The authors point out that about 8.6 million Americans perform shift work, which the National Sleep Foundation defines as any type of schedule that falls outside the standard nine-to-five norm for business hours. In the United States, factory workers, hospital staff, policemen, firefighters, pilots, road crews and truck drivers are some of the positions that commonly entail some degree of shift work.

This type of work has been previously associated with gastrointestinal problems, fatigue and poor sleep, the researchers noted.

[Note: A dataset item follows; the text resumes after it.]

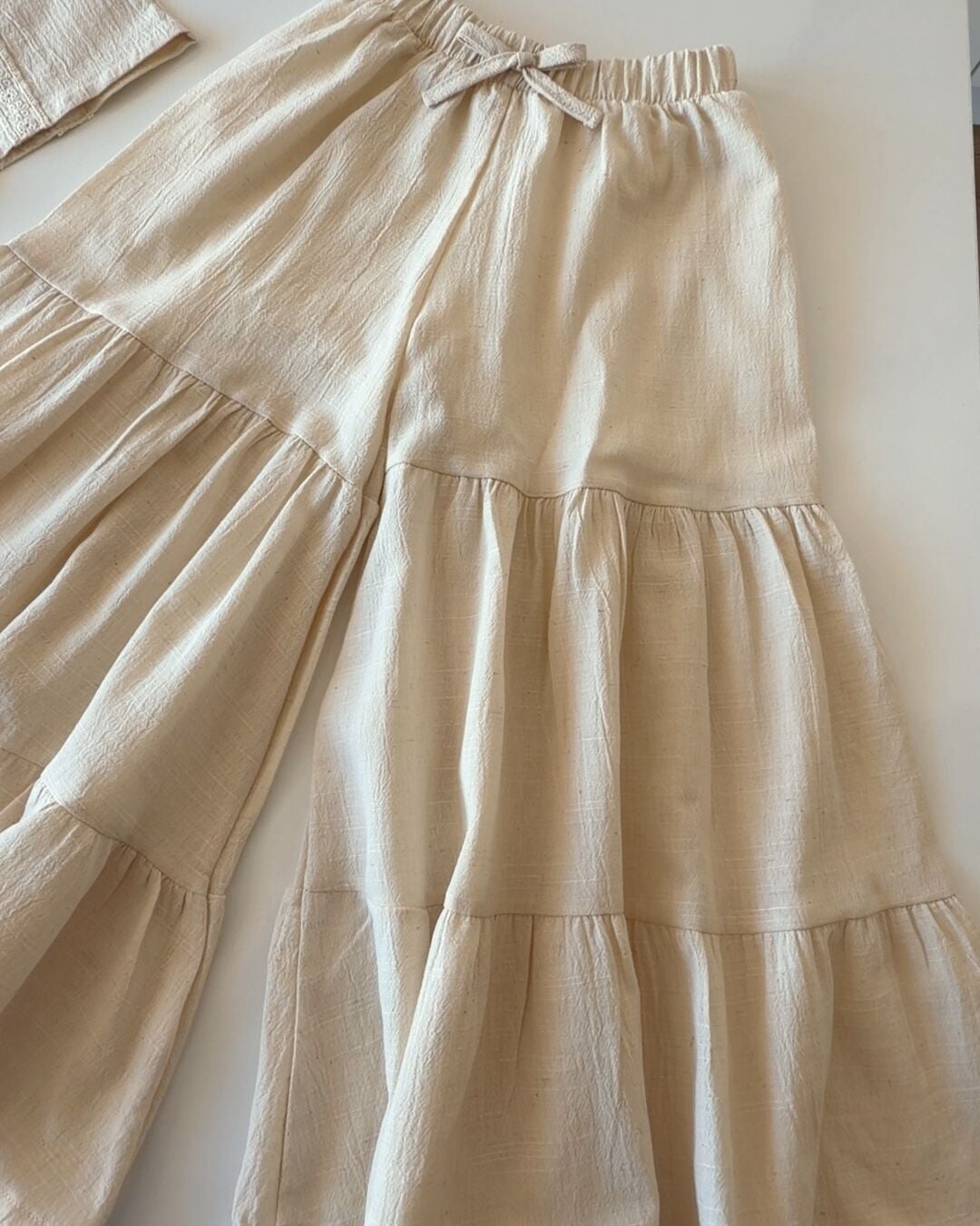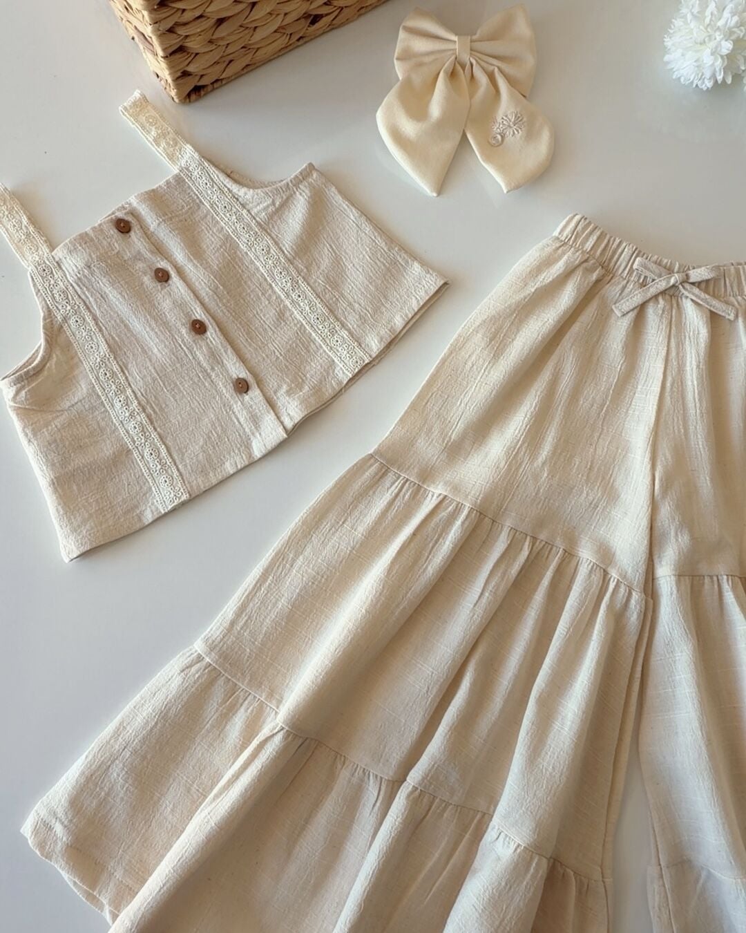 Asar Kids Keten Bol Paça Pantolonlu Askılı 2'li Takım - Krem

Such complications are thought to arise from a chronic disconnect between the waking and eating habits the work demands and the body's innate 24-hour sleep/wake clock, commonly known as the circadian rhythm.

To explore how such a misalignment might raise the risk for developing serious health issues, Scheer and his colleagues conducted a laboratory test designed to mimic the acute effects of jet lag and/or the chronic impact of regular shift work.

In the experiment, the bodily responses of five men and five women were tracked as they stuck to an ever-changing sleep/eat schedule for 10 days.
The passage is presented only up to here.